11. No dia 11 de Junho de 1999, os autores escreveram aos réus senhorios uma carta, onde declararam reiterar pretenderem exercer o direito de preferência relativamente ao prédio rústico com a área de 28.865 m2, sito no lugar do Costeado, freguesia de Creixomil, concelho de Guimarães, descrito na Conservatória do Registo Predial de Guimarães, parte do nº 35.509, inscrito na matriz sob o artigo 10º, e solicitaram-lhes o envio uma fotocópia do contrato-promessa de compra e venda de onde constasse a data e as respectivas assinaturas, pois só nesses termos a comunicação para a preferência cumpria os requisitos do artigo 416º, nº 1, do Código Civil, e informaram-nos de que, assim lhes fossem fornecidos os referidos elementos e na data por aqueles indicada, estavam em condições de celebrar o respectivo contrato-promessa de compra e venda, cuja redução a escrito passavam a aguardar.
12. Os réus senhorios escreveram uma carta aos autores no dia 22 de Julho de 1999, do seguinte teor: "Na sequência das duas cartas que, em 11 do corrente, nos enviou conjuntamente com a sua mulher, dada a evidente contradição de posições que veiculam, somos a comunicar que, por causa disso, melhor informados e depois de trocadas impressões com a Câmara Municipal de Guimarães, fomos agora convencidos de que não tem qualquer direito de preferência na venda da parcela de terreno de que o A é também arrendatário rural e que aquele órgão autárquico, de acordo com o Plano Director Municipal em vigor, destina a equipamentos colectivos de interesse público.

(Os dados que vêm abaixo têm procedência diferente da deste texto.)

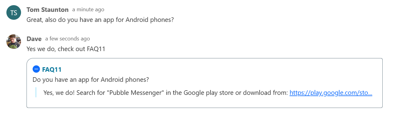 Every time you create an FAQ you share knowledge within your community. Not only that, Pubblebot will prompt relevant FAQs to visitors when they ask a questions. This helps reduce answering the same questions repeatedly and allows you to work more efficiently. You can also manually reference an FAQ in conversations

Esse mesmo interesse público transparece claramente do contrato-promessa de compra e venda que lhe enviámos oportunamente, capeando a nossa carta datada de 4 do corrente. A ser destarte e como compreenderá, acautelados até que ficaram no aludido contrato os seus direitos de interessado, não entendemos o que mais pretende e pedimos-lhe que contacte aquele órgão autárquico ou, então, aguarde que ele o faça, quando tal se lhe mostrar ser a ocasião própria".
13. No dia 29 de Junho de 1999, os autores responderam à carta mencionada sob 12, expressando pretenderem exercer o direito de preferência na compra do prédio rústico com a área de 28.865 m2 sito no lugar do Costeado, e que estavam à disposições deles para celebrar o contrato-promessa em termos idênticos ao contrato promessa que lhes haviam remetido, e acrescentaram que após consulta jurídica estavam convencidos de que tinham o direito de preferência na aquisição do imóvel em causa e que o eventual interesse público de um eventual comprador não tinha a virtualidade de apagar direitos de preferência que são direitos reais com eficácia erga omnes.
14. Por oficio datado de 22 de Maio de 2000, o réu Município de Guimarães comunicou ao autor ter adquirido por escritura de 17 de Maio de 2000 uma parcela de terreno com a área de 28 115 m2, denominada "Quinta do Costeado", inscrita na matriz sob o artigo 10º, nas condições que constavam na escritura, e que nesses termos deixava de ser rendeiro dos anteriores proprietários e que passava a ser rendeiro do Município quanto a essa parcela de terreno.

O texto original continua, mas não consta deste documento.